What does make sense, for understanding why these 10
and no others (while allowing for the possibility that
everything in all of the sets was the result of
haphazard decisions) is interpreting them as the most
common language/locale indicator icons. I.e., the
list really represents:
Japanese
U.S. English
French
German
Italian
British English
Spanish
Russian
Chinese
Korean
Now *that* makes sense of a limited set of these symbols --
it is really what you would most likely see as identifying
language on websites, on publication lists, on other kinds
of items for sale in Japan -- and might well be the
original intent of this set by whoever was grabbing stuff
for the sets in the first place.
So while the KDDI documentation says of these things,
literally, "Russian national flag", etc., what I suspect
the full gloss should be is more like:
"[This glyph is an icon of the] Russian national flag
[standing for the Russian language/locale]."
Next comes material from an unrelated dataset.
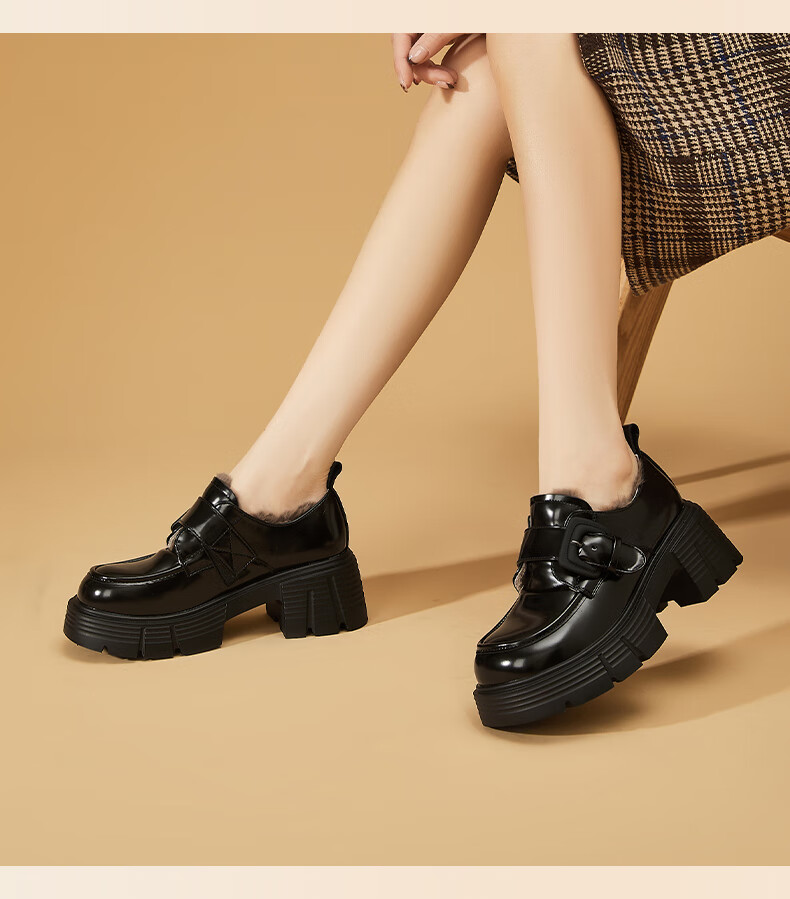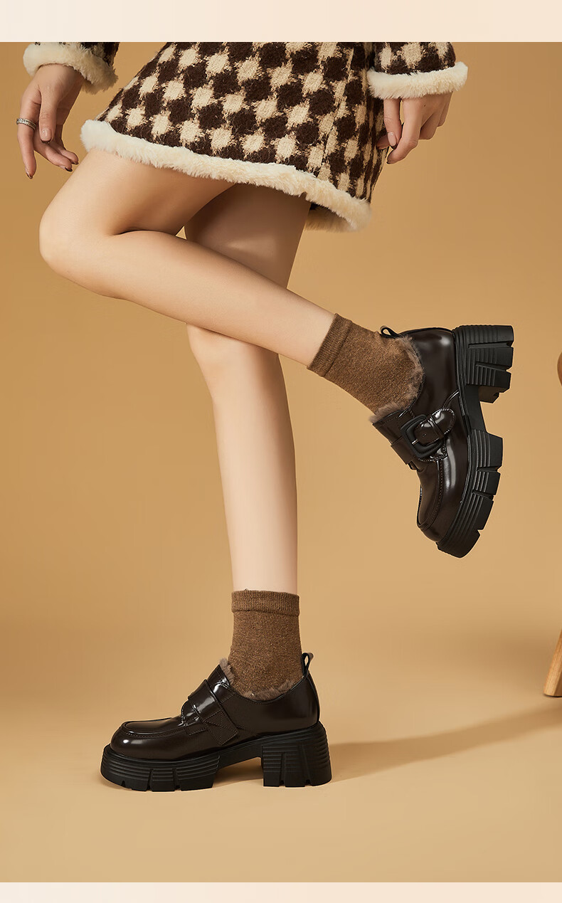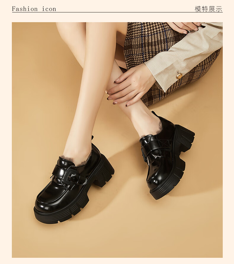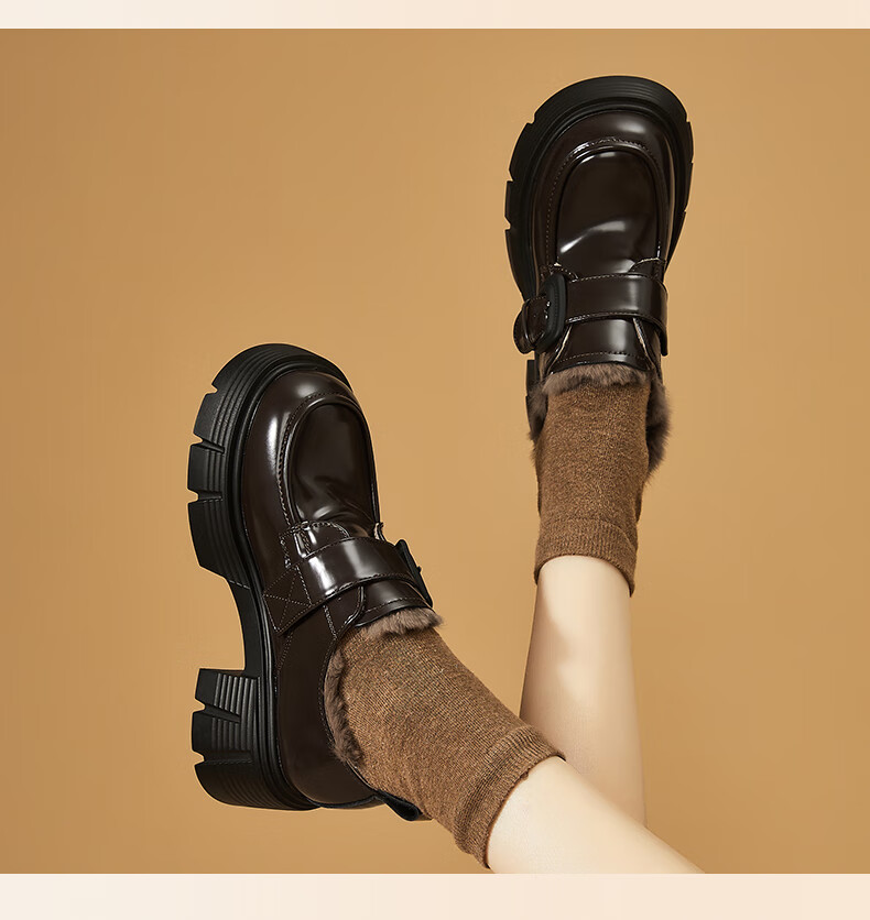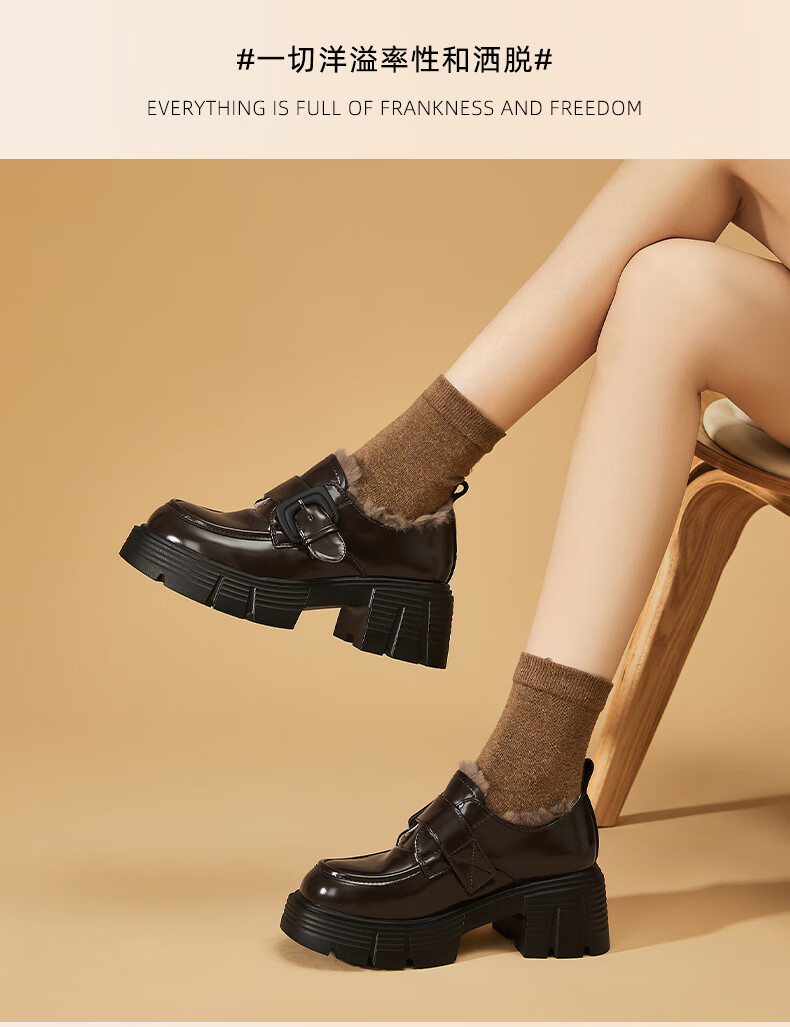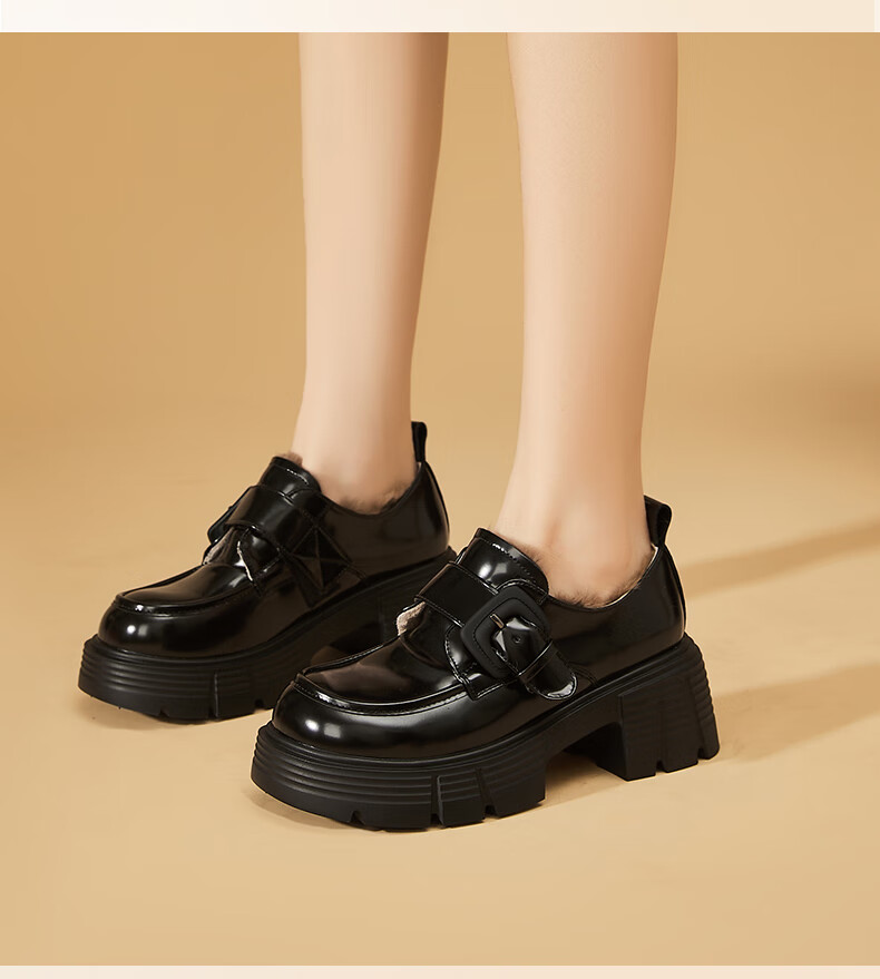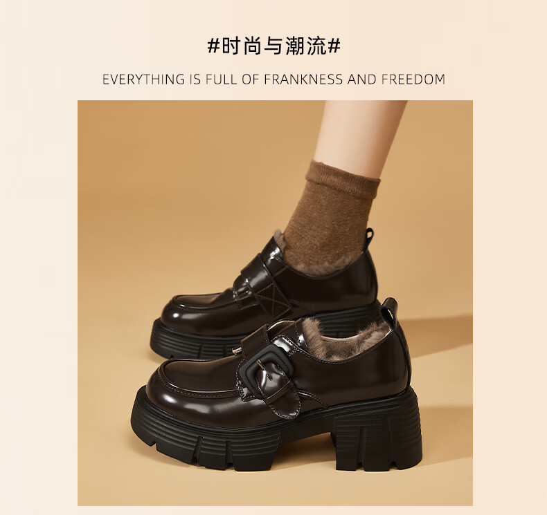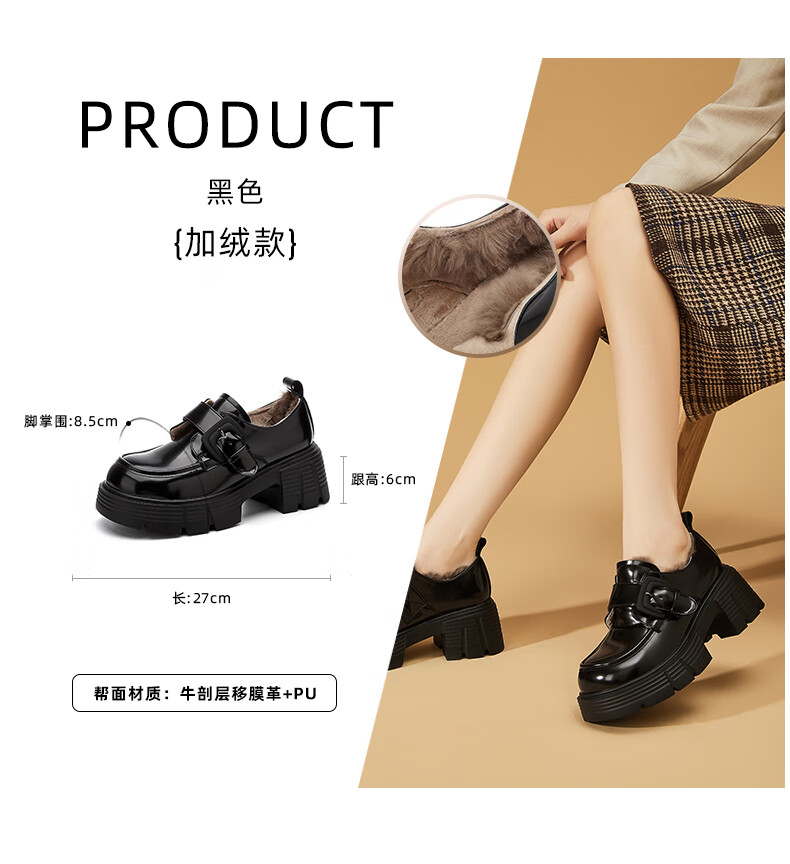 达芙妮加绒乐福鞋厚底百搭2025秋冬新款复古学院jk鞋子女增高黑色小皮鞋 黑色 加绒 38

It is a semiotic mistake here to just blandly assume that
because the icon in question is an image of the Russian
flag, that it is intended as a symbol *of* the flag
per se, and that thus we are obligated to go down the
road of international fairness and provide the opportunity
for *everybody* to encode their flag, too, just so nobody
is going to be miffed that their country was dissed by
the international standard.
Interpreting (and encoding) these 10 symbols as common
language/locale symbols, rather than as national flags
per se, will deal with the interoperability issue for wireless
transmapping, will avoid the whole political rathole of
trying to encode flags *as* flags, and will avoid the
nonsense of trying to architect a registration scheme
for future encoding of country flag symbols as characters.